There was a decrease in ABTS free radical scavenging activity during the storage time (
Table 8). Only modest negative correlation was found between storage time and the ABTS free radical scavenging activity of in-shell samples (
r = −0.5779,
p < 0.01). Talcott
et al. [
49] reported a significant decrease in ORAC (oxygen radical absorbance capacity) in normal, mid-, and high-oleic acid runner peanut cultivars stored for four months at different temperatures (20 °C and 35 °C). According to the authors, free
p-coumaric acid, three esterified derivatives of
p-coumaric, and two esterified derivatives of hydroxybenzoic acid were the predominant polyphenolics present and their rates of change were similar among cultivars and independent of storage time or temperature. However, only modest correlations existed between total phenolics and antioxidant capacity. The authors stated that decreases during storage were a good indication that soluble (80% methanol) phytochemicals with antioxidant capacity, most likely polyphenolics and/or protein-polyphenolic complexes, had altered during storage. In the present work, though phenolic compounds were present in blanched samples during the whole storage (
Table 7), the decrease in their concentration along with molecular alterations could have influenced their ABTS free radical scavenging activity.
Phenolic and polyphenolic compounds constitute an important class of secondary plant metabolites that act as free radical scavengers and inhibitors of LDL cholesterol oxidation and DNA breakage, among other roles they play.
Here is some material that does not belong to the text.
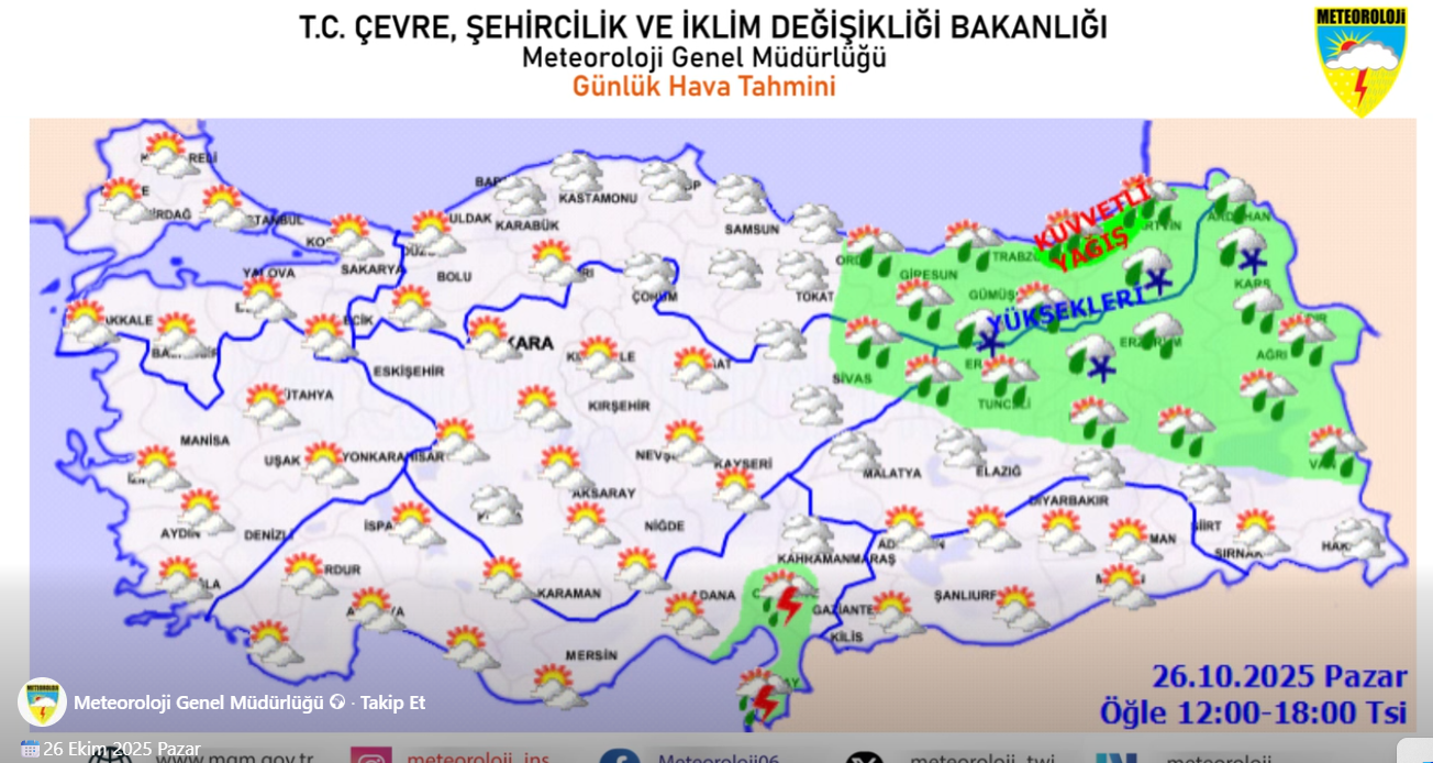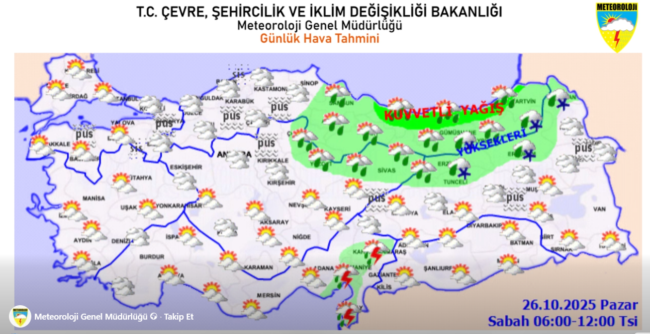 Meteoroloji Genel Müdürlüğü tarafından yayımlanan günlük hava tahmin raporuna göre, 26 Ekim 2025 Pazar günü Rize genelinde kuvvetli yağış bekleniyor. Sabah saatlerinden itibaren etkisini gösterecek yağışların, öğle saatlerinden sonra artarak sürmesi tahmin ediliyor.

Indeed, the role of food phenolics and polyphenolics in the prevention of cardiovascular disease and certain types of cancer is well recognized [
14].
As mentioned before, no correlation was found between gamma radiation and polyunsaturated or monounsaturated fatty acids. Furthermore, no negative correlation was found between gamma radiation and total phenolic contents or ABTS free radical scavenging activity. Thus, after one year of analysis, it can be concluded that irradiation protected against mycotoxic fungi growth (microbiological safety) and retained the nutraceutical components of the samples during long-term storage.